Il va sans dire, bien sûr, que les applaudissements furent nombreux et nourris. Spontanément, chaque soliste lui offrit son bouquet de fleurs, alors que des milliers de confettis tombaient des cintres. Comment tourner la page pour cette compagnie après 51 ans de direction d’un chorégraphe qui compta tellement dans l’histoire de la danse ? Demis Volpi prendra sa place en septembre. Une telle succession ne pourra se faire simplement, sans difficultés, sans hésitation. Mais les bases sont là. Le Ballet de Hambourg est une troupe en pleine santé, aux Principals emblématiques, qu’ils soient en fin de carrière, dans la force de leurs 30 ans ou jeunes nommés. Les solistes brillants sont là, derrière. Le Junior Ballet, l’École de Danse, répondent présents. À chaque strate se trouvent d’anciens danseurs et danseuses devenus professeurs ou maîtres de ballet, soucieux de maintenir un héritage aussi bien chorégraphique que spirituel. Reste la question de la préservation des œuvres, de leur transmission, à Hambourg ou ailleurs. Il n’existe pas encore de fondation en charge de cette lourde question. Peut-être sera-ce là le dernier défi de cette immense chorégraphe.

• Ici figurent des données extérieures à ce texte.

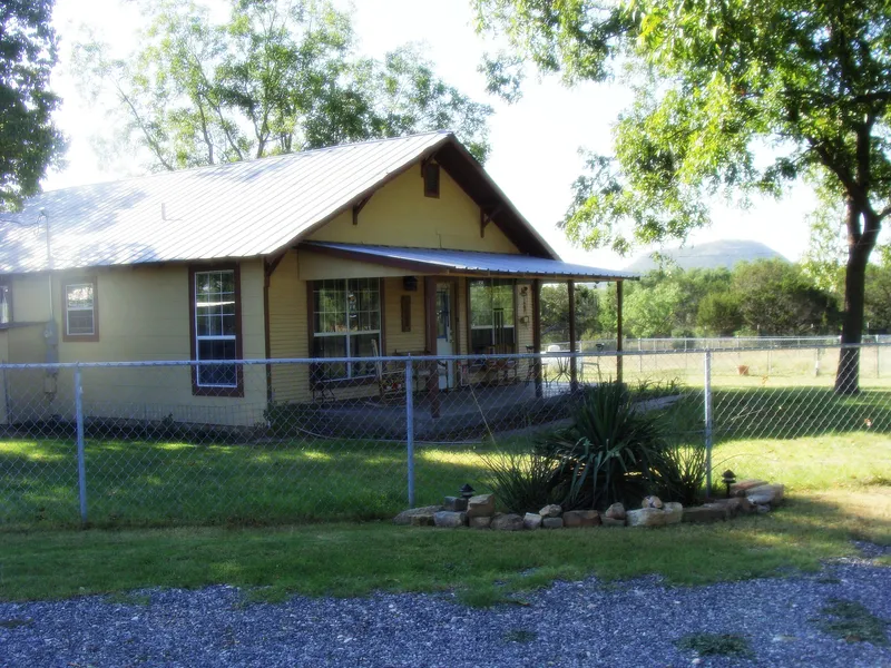 There are beautifully landscaped grounds around this 2/1 country charmer, that's been refurbished inside and out. Exterior has been painted and a nice open deck has been added, just off a bonus room at the back of the home. Mature pecan trees shade the large yard, views of a distant high hill and large wooded back neighbors make for lots of privacy. Deer and turkey come to the water trough in the evenings. There is a covered front porch the length of the front of the home. The home, workshop with large covered carport, old rock feed storage and well house have metal roofs. The 4.51 acres is partially fenced with ...
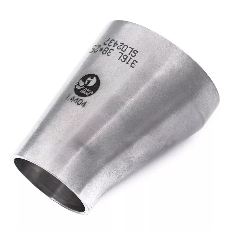 SMS eccentric reducer with short straight parts for food installation, available in stainless steel 304L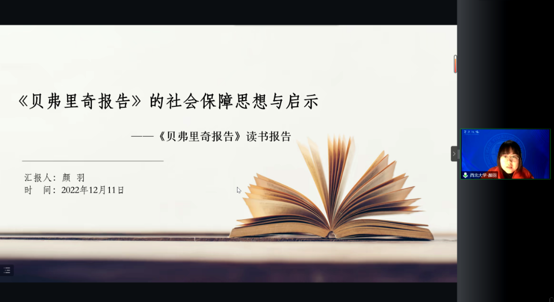 2022级社会保障专业硕士研究生颜羽分享的书目是《贝弗里奇报告》,她从作者简介、写作背景、主要内容、社保思想、总结启示这五个方面展开汇报。首先她简单介绍了作者以及写作背景。接着她从导言和概论、主要改革建议及理由、三个特殊问题、社会保障预算、社会保障计划、社会保障和社会政策六个部分对本书的主要内容进行介绍。最后她分享了本书中所包含的社会保障思想,并根据该书中的社保思想提出了该报告对我国社会保障制度建设的启示。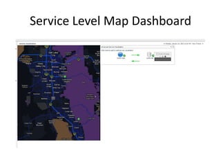 The document describes several existing Foglight dashboards including a service level map dashboard, infrastructure overview, individual device drill down, colo overview, rack dashboard, and phone dashboard widget. It also mentions a service-level dashboard, specific device dashboard, and root cause analyzer with drill down functionality.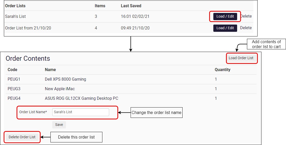 To view, edit, load or delete an existing Order List, open Saved Carts (found on the side menu in Account Dashboard).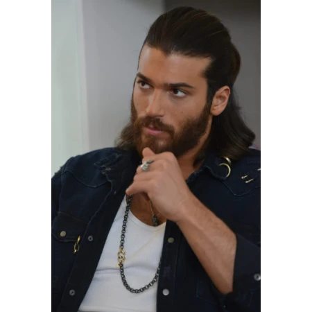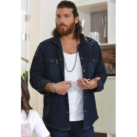 This dark blue denim jacket is worn by Can Yaman in the Turkish TV series Erkenci Kus. It is made of high-quality denim and features a classic fit with a single-breasted closure. The jacket has two front pockets and two interior pockets, as well as a button-down collar. It is a versatile piece that can be dressed up or down and is perfect for any occasion.

49e Gala Njinsky par le Ballet de Hambourg
Yondering de John Neumeier, avec Javier Martinez, José Neri Avelar, Flipe Rettore, Antonio Casti, Christian Flori, Jakub Zouplna, Selina Appenzeller, Quinn Bates, Azul Ardizzone et des élèves de l’École de Ballet de Hambourg ; Spring and Fall de John Neumeier avec Alessandro Frola, Olivia Betteridge, Francesco Cortese et Emiliano Torres ; Préludes CV de John Neumeier avec Yun-Su Park, Lizhong Wang, Ida Stempelmann et Christopher Evans ; Unbound de Edvin Revazov avec les artistes du Hamburger Kammerballett ; Hello de John Neumeier avec Madoka Sugai et Alexandr Trisch ; Beethoven-Projekt II de John Neumeier avec les artistes de la compagnie ; Le Chant de la terre de John Neumeier avec Xue Lin, Alexandr Trusch et Karen Azatyan ; In the Blue Garden de John Neumeier avec les artistes du Jeune Ballet ; La Mouette de John Neumeier avec Louis Musin et Ana Torrequebrada ; Ghost Light de John Neumeier avec Silvia Azzoni, Alexandre Riabko, Matias Oberlin et Alessandro Frola ; Lento de John Neumeier avec Olga Smirnova et Jacopo Bellussi ; Le Chant du Soldat de John Neumeier avec Anna Laudere et Edvin Revazov ; Vaslaw et Le Spectre de la Rose de John Neumeier avec Aleix Martinez, Ida Praetorius et Matias Oberlin ; La Troisième Symphonie de Gustav Mahler de John Neumeier avec Alina Cojocaru et Edvin Revazov. Dimanche 14 juillet 2024 à l’Opéra de Hambourg.